Overpromising and underdelivering is AI’s industry trademark. But not all the AI community is participating in selling something they don’t have with the sole purpose of generating publicity and attracting money.

In the words of Emily M. Bender, professor of computational linguistics at the University of Washington: “LLMs & associated overpromises suck the oxygen out of the room for all other kinds of research.” There’s crucial research being done besides LLMs that’s being neglected by funding institutions and the media.
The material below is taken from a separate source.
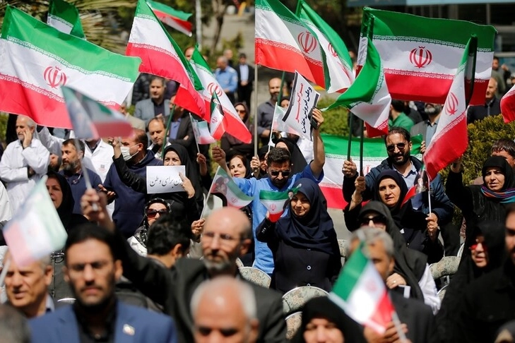 Başkentteki İmam Humeyni Hastanesi yerleşkesinde toplanan göstericiler, "İsrail'e ölüm, ABD'ye ölüm" sloganları attı.

“[B]ecause these big claims are out there, and because the LLMs succeed in bulldozing the benchmarks by manipulating form, other more carefully scoped work, likely grounded in very specific application contexts that doesn’t make wild overclaims is much harder to publish.”

— Emily M. Bender

Maybe some of that research that’s getting lost in oblivion is trying to alert those with eyes only for the shiny LLMs that we’re doing AI all wrong. Maybe some people are working to no avail on these exact problems I’m describing.

If ANNs are ill-based, only LLMs seem to matter, and only big tech companies can build and deploy them, then there’s a very real risk that the AI industry is effectively an oligopoly focused on the wrong goals. And there would be no one capable of raising their voice enough so those in charge hear how mistaken they are.